Unlike the 20 albums which came before it, Which Side took three years to record and release, allowing for a number of collaborations and guest appearances. In addition to a couple of Neville Brothers and members of New Orleans brass bands Rebirth and Bonerama, a chorus of local children, and her producer/husband Mike Napolitano, Pete Seeger came along to play banjo on the title track.

Some attention should be given to that tune, indeed. Aside from the traditional "Amazing Grace" (which DiFranco re-arranged and recorded for her 1996 album Dilate), she has yet to feed any old folk songs through the folk process (changing lyrics for changing times) and put them on her albums. "Which Side Are You On?" (purchase/download) is the first, and she completely reconstructed its verses to apply to modern concerns.
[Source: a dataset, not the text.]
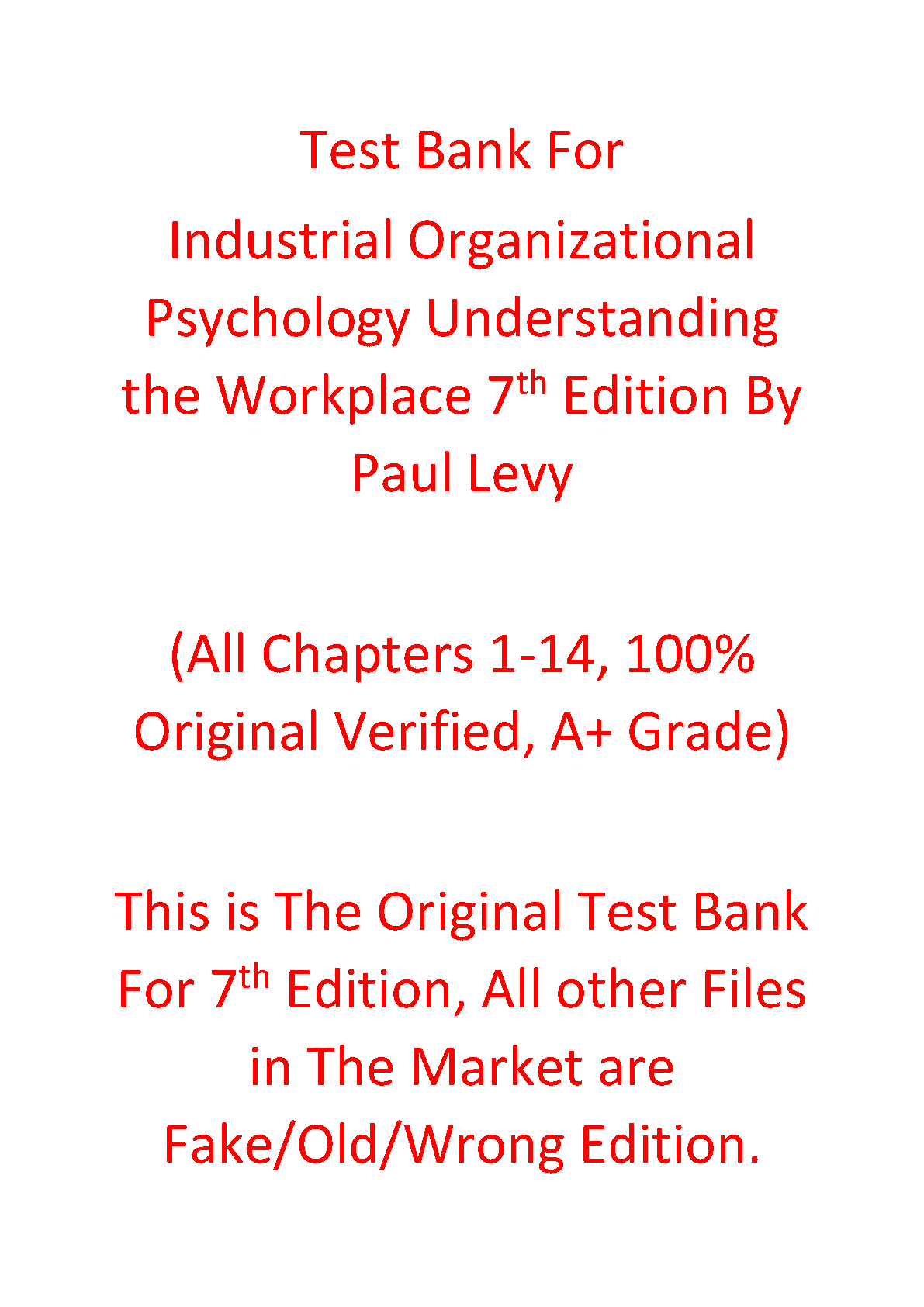 Official Test Bank for Industrial Organizational Psychology: Understanding the Workplace, 7th Edition by Paul E. Levy

The tune draws hard lines where politicians are probably hesitant to do so, ultimately calling for voter turnout and general engagement/participation in democracy ("Come on all good workers! Let's all vote this time! / Tell 'em which side are you on now, which side are you on?").

That there happens to be a major nationwide people's movement happening around DiFranco's release of the album is purely coincidental, but the disc is likely to fill the hole so many critics have been pointing to, asking where OCCUPY's anthem is. The answer may just be here.

(Check out this history of the song "Which Side Are You On?")

The Bottom Line

Next to Reveling/Reckoning and Red Letter Year, this is easily one of DiFranco's most fully-realized albums. Long-time fans will eat this one up. Newcomers may need to be a little patient and give it several spins before it starts to resonate. As usual, the aesthetic isn't immediately what many traditionalists would call "folk music," but the sentiment is entirely the same. We can only hope DiFranco keeps delivering from this place of balance, as it is certainly illuminating.